Task prompt: Please return the listing below word for word, minus its pictures.

Material for this exercise:
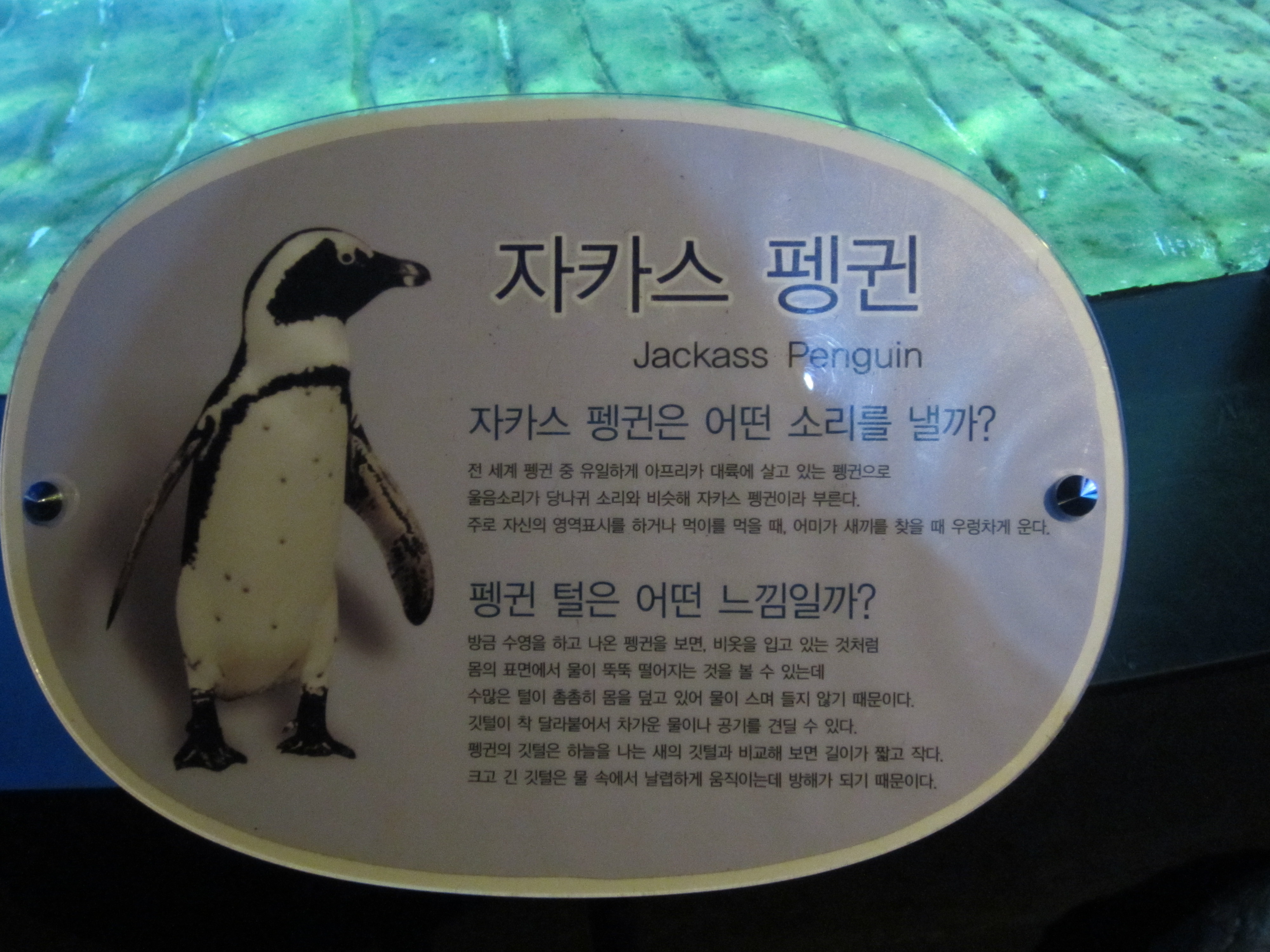 I later discovered that this was not a case of mis-translation, just a nickname for an African Penguin. Crap! I had already come up with a story in my mind about the sign maker, Minjun, being the only person in the aquarium that spoke English, and he was holding a grudge against the little bastards because one of them pooped on his shoe.  I hate it when reality crushes my imagination.  They are actually named because of the braying sound they make, but I am going to blame Minjun.
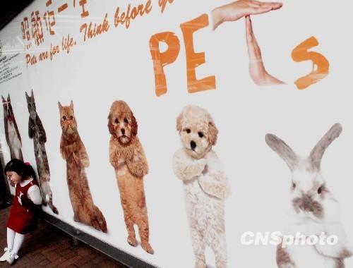 2月下旬,香港街头展示醒目的宣传爱护关爱动物大型户外广告,其动物可爱的形象吸引路人的视线,图为一位小朋友与广告合影留念。中新社发 张勤 摄
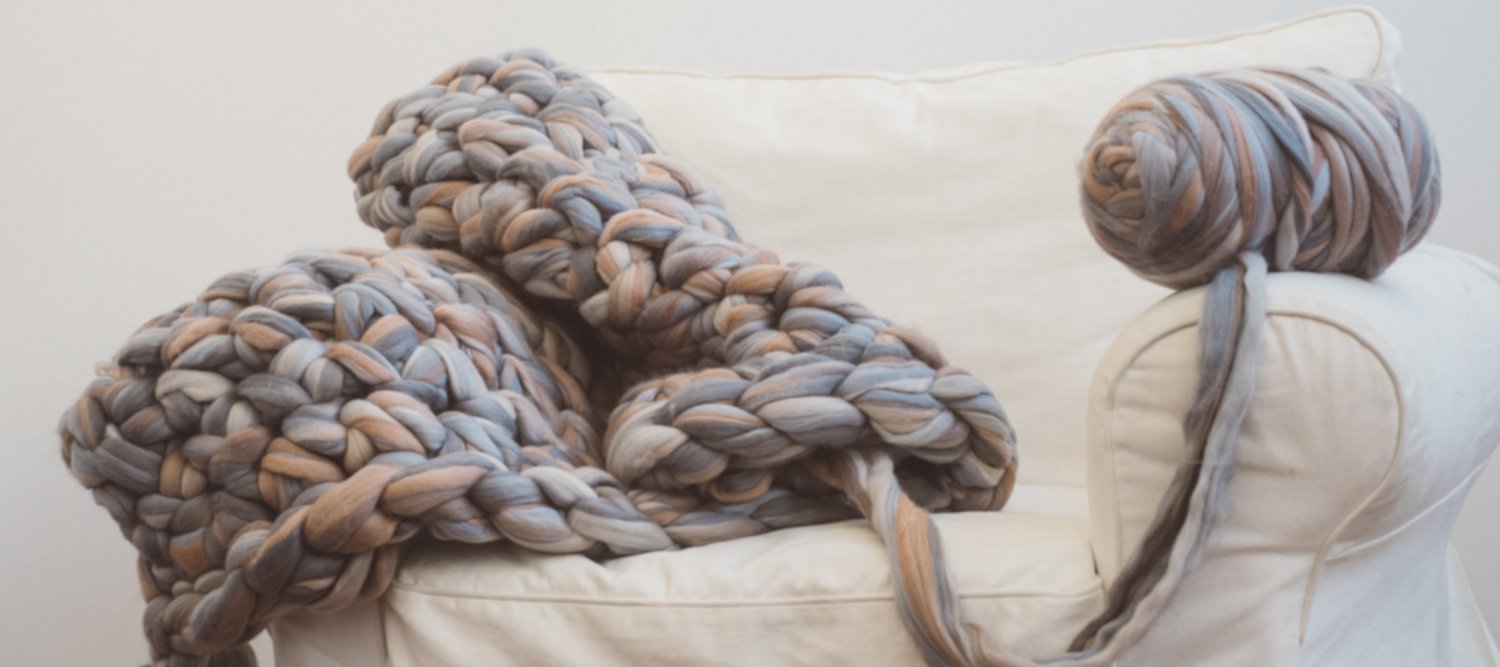 After falling in love with her chunky knit blanket we asked VeryCris to make us another piece using extra fine merino wool tops from the The Tempera Collection. Cristina didn’t let us down and gave us a wonderful futon.
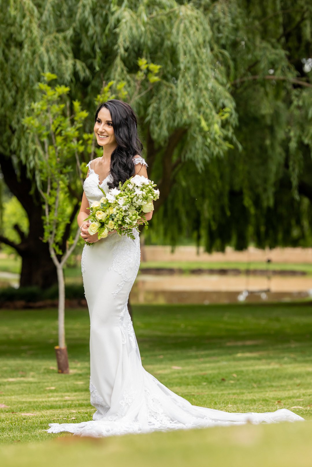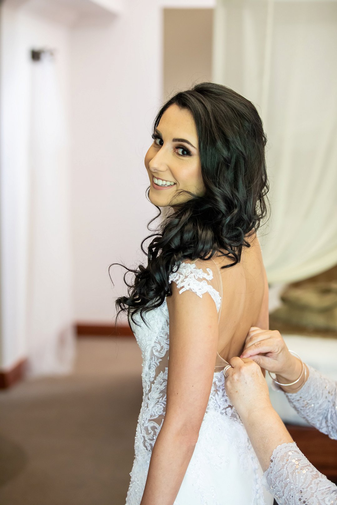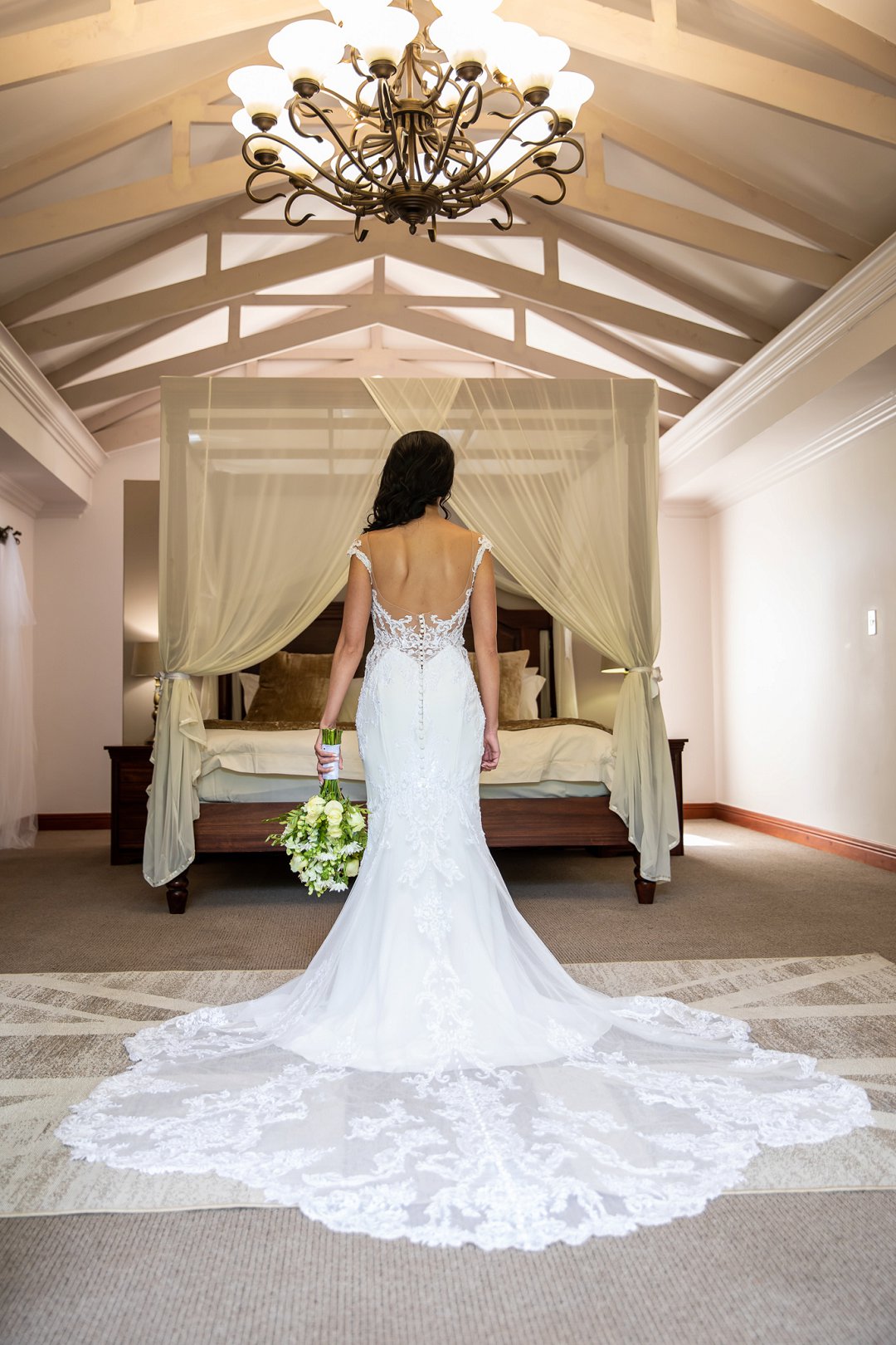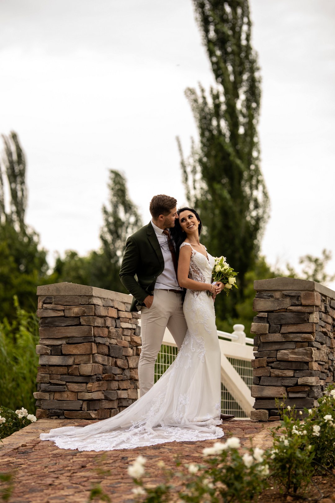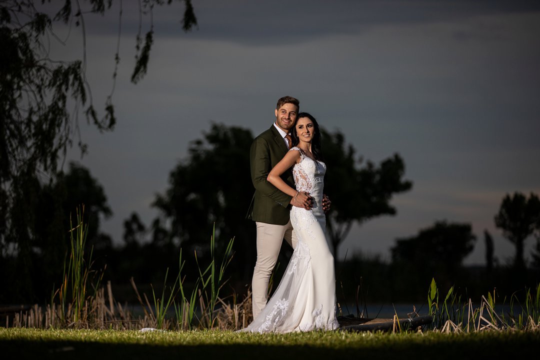 Dit was vir ons baie belangrik om ‘n stylvolle en elegante troue te hê, asook ‘n troue wat by ons persoonlikhede pas. My ‘Blue by Enzoani Marquise’ trourok en Naudé se olyfgroen en roomkleurige uitrusting het perfek by ons styl en persoonlikhede gepas. Dit was stylvol, maar tog gemaklik.
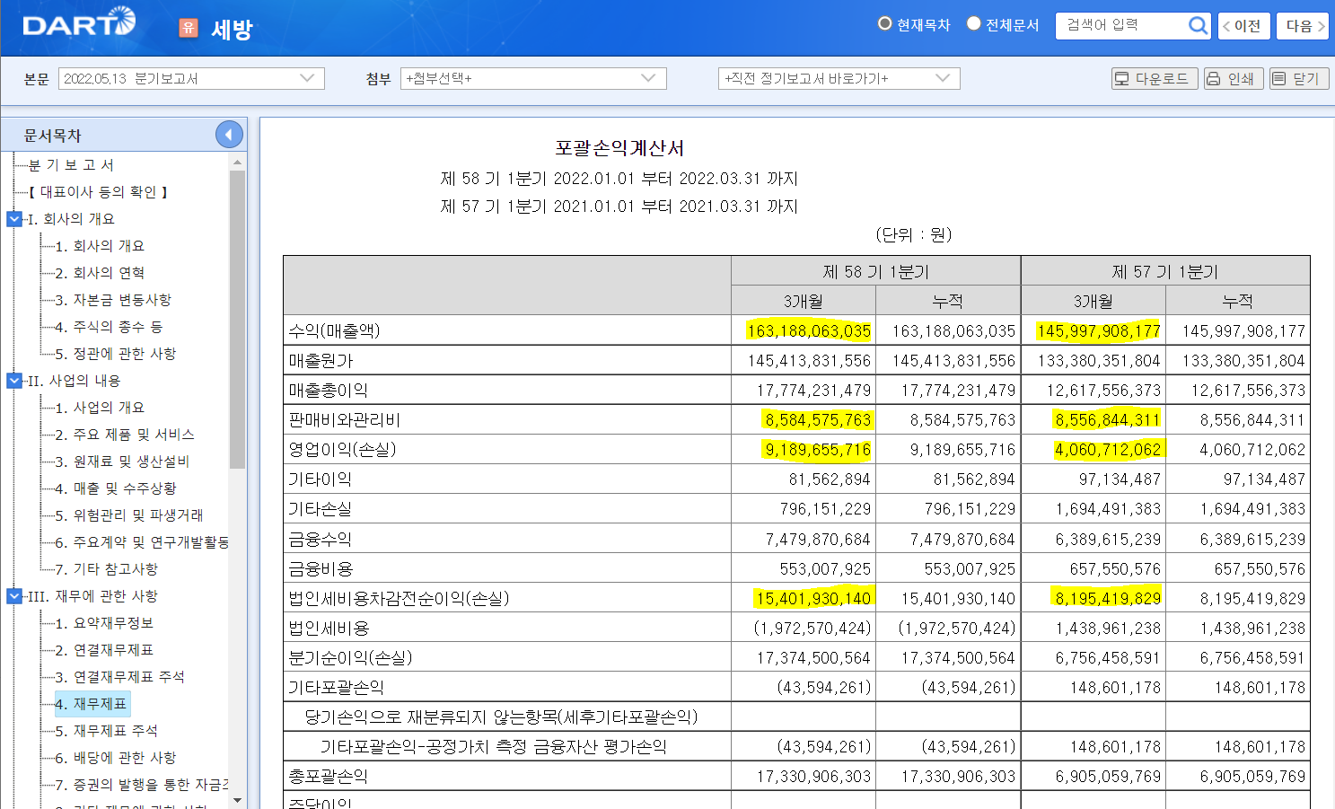 위 주석내용을 보면 세방전지의 실적도 확인할 수 있는데, 전년 동기 대비 매출액은 늘었지만 순이익은 거의 반토막 가까이 나버렸네요. 원자재 가격 상승분을 판가에 온전히 전가하지 못한 것으로 보입니다.

Answer to the problem:
 I later discovered that this was not a case of mis-translation, just a nickname for an African Penguin. Crap! I had already come up with a story in my mind about the sign maker, Minjun, being the only person in the aquarium that spoke English, and he was holding a grudge against the little bastards because one of them pooped on his shoe.  I hate it when reality crushes my imagination.  They are actually named because of the braying sound they make, but I am going to blame Minjun.
 2月下旬,香港街头展示醒目的宣传爱护关爱动物大型户外广告,其动物可爱的形象吸引路人的视线,图为一位小朋友与广告合影留念。中新社发 张勤 摄
 After falling in love with her chunky knit blanket we asked VeryCris to make us another piece using extra fine merino wool tops from the The Tempera Collection. Cristina didn’t let us down and gave us a wonderful futon.
 Dit was vir ons baie belangrik om ‘n stylvolle en elegante troue te hê, asook ‘n troue wat by ons persoonlikhede pas. My ‘Blue by Enzoani Marquise’ trourok en Naudé se olyfgroen en roomkleurige uitrusting het perfek by ons styl en persoonlikhede gepas. Dit was stylvol, maar tog gemaklik.
 위 주석내용을 보면 세방전지의 실적도 확인할 수 있는데, 전년 동기 대비 매출액은 늘었지만 순이익은 거의 반토막 가까이 나버렸네요. 원자재 가격 상승분을 판가에 온전히 전가하지 못한 것으로 보입니다.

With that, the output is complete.